On sait le malentendu qu'a créé Derrida en assimilant à la
Solution finale nazie, par un contresens inouï, cette violence
messianique, fondamentalement anti-historique et anti-étatique
dans l'esprit de Benjamin. On sait aussi l'usage que Giorgio
Agamben a fait du concept de "vie nue" emprunté à Benjamin,
dans son livre Homo sacer. Le pouvoir souverain et la vie nue.
Tout en élaborant sa réflexion sur la destructivité de
l'Etat-nation moderne, à l'aide de "l'état
d'exception" emprunté à Carl Schmitt - le
pouvoir fonde la loi souveraine en s'en exceptant, capturant
la vie humaine dans son ban - et du pouvoir "biopolitique" que
Foucault voyait s'inaugurer dans les Etats-nations modernes,
Agamben prenait aussi dans ce texte le relais d'une "enquête" préconisée
par Benjamin dans sa Critique de la violence : celle qui porterait
sur les raisons de la sacralisation de la "vie" dans
les sociétés modernes, suspectées de produire
un artefact de religiosité à une époque
où l'homme a perdu la foi. Or la réflexion d'Agamben,
en prenant ce relais pour suspecter à son tour la notion
de "droits de l'homme" - à la suite cette fois
de Arendt - produit aussi une nouvelle théorie du sacré,
qu'il retire au religieux pour l'inscrire dans le biopolitique.
Or ce registre est fondamentalement associé à la
violence génocidaire. Je voudrais donc à présent évoquer
les effets de ce renversement de perspective, qui se formule
chez Agamben à l'égard des théories anthropologiques
- il révoque le schème de l'ambivalence de l'objet
sacré qu'on retrouve chez Mauss, Bataille et Caillois,
mais ne dit rien de Girard - au regard de la notion même
de violence sacrificielle.
Comme toujours, le propos d'Agamben relève non de l'analyse
historique, mais de l'archéologie politique et de la logique
structurale. Le "sacré" est placé par
lui à l'origine même du politique, au nom d'une
figure du droit romain archaïque, homo sacer, homme impunément
tuable mais non sacrifiable, qui incarne la "vie nue" des
humains devenue l'objet du pouvoir souverain. Sous la forme paradoxale
d'une inclusion exclusive, la créature humaine est prise
dans une structure d'exception qui la constitue comme homo sacer,
la vie étant le référent même de la
décision souveraine (p 92), . la prestation originaire
de la souveraineté étant la production de vie nue.

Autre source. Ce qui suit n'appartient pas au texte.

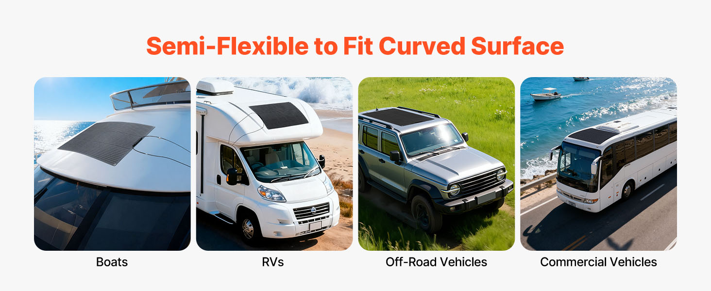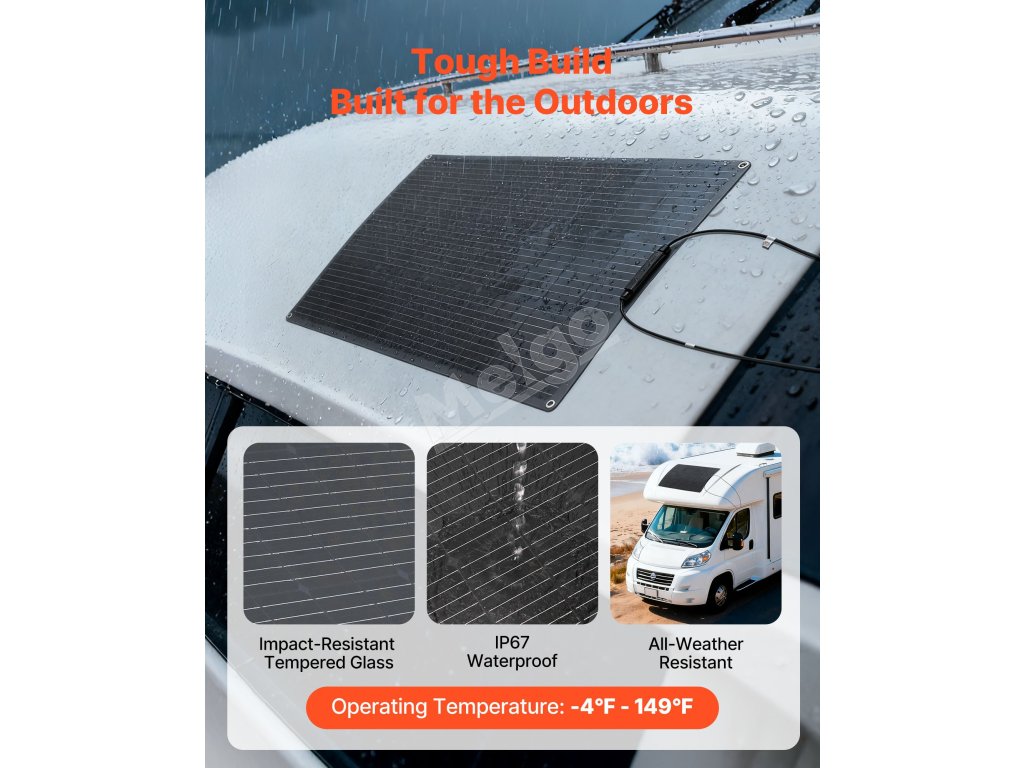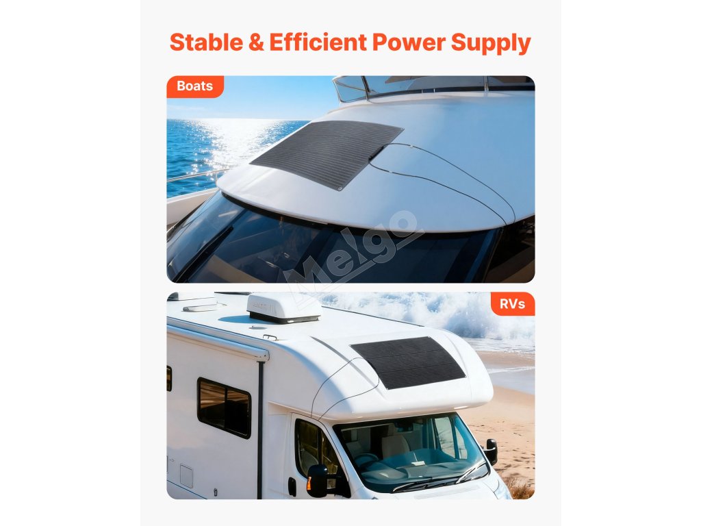 Tento flexibilný solárny panel, ktorý je vylepšený o ohýbateľnú štruktúru, sa prispôsobí zakriveným a nerovným povrchom, ako sú strechy karavanov, lodí, strechy domov a chát. Vďaka tenkej a ľahkej konštrukcii sa jednoducho prenáša, montuje a premiestňuje.

L'exclusion de l'homo sacer délimite le premier espace
politique distinct de la sphère religieuse et profane,
exclus qu'il est du droit humain autant que divin. Cette figure
originaire permet selon lui de penser le sort des déportés
des camps nazis, jusqu'en leur figure extrême, celle du "musulman" -
qui lui fait produire sa théorie du témoignage
dans Ce qui reste d'Auschwitz. Mais nous sommes tous, dit-il,
des homines sacri potentiels, de par la structuration étatique
du monde où nous vivons, à laquelle aucun interstice,
ni aucune instance supraétatique ne permettent d'échapper
: la seule échappée reste du domaine de l'éthique,
celui de la "vie heureuse", à soustraire à la
vie politique ainsi conçue, dégagée des
systèmes moraux et dispositifs juridiques constitués.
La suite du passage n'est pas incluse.